Task input:
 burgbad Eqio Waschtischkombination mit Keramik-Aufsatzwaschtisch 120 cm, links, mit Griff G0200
==
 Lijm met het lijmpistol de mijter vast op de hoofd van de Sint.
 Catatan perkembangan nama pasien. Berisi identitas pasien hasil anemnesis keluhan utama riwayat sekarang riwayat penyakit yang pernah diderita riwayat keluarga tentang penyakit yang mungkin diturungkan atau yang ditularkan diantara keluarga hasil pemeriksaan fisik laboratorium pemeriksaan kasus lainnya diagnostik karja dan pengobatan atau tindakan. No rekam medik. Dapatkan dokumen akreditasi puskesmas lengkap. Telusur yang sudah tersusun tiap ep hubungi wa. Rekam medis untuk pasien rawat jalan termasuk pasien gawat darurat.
==
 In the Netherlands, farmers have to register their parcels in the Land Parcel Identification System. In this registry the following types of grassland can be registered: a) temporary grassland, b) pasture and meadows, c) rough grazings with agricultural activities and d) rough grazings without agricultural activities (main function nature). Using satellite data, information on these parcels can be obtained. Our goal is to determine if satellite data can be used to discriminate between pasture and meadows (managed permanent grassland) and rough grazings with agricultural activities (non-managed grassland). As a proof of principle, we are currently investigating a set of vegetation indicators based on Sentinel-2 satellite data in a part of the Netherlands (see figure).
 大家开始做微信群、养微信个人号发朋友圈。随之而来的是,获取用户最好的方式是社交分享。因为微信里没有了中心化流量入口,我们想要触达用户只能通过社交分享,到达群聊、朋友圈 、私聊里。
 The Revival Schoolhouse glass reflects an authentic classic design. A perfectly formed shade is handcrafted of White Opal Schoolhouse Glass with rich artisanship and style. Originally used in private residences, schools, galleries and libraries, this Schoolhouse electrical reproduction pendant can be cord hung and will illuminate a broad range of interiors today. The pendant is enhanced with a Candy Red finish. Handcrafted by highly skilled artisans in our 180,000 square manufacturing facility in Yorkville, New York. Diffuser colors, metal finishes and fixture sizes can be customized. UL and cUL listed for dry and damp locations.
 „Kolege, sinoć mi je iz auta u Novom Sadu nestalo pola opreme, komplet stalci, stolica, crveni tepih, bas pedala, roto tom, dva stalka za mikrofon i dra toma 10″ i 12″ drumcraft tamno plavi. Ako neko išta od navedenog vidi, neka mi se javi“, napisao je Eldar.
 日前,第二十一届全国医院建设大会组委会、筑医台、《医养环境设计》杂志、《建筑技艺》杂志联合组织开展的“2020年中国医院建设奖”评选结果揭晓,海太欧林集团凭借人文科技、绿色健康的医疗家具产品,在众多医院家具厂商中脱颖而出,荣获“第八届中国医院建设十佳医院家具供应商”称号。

What you are asked to do: Taking the entries above, write out exactly the lines starting with the line containing "Lijm met het" and going on through the line containing "Catatan perkembangan nama", both included, and nothing else.

Solution to this exercise:
 Lijm met het lijmpistol de mijter vast op de hoofd van de Sint.
 Catatan perkembangan nama pasien. Berisi identitas pasien hasil anemnesis keluhan utama riwayat sekarang riwayat penyakit yang pernah diderita riwayat keluarga tentang penyakit yang mungkin diturungkan atau yang ditularkan diantara keluarga hasil pemeriksaan fisik laboratorium pemeriksaan kasus lainnya diagnostik karja dan pengobatan atau tindakan. No rekam medik. Dapatkan dokumen akreditasi puskesmas lengkap. Telusur yang sudah tersusun tiap ep hubungi wa. Rekam medis untuk pasien rawat jalan termasuk pasien gawat darurat.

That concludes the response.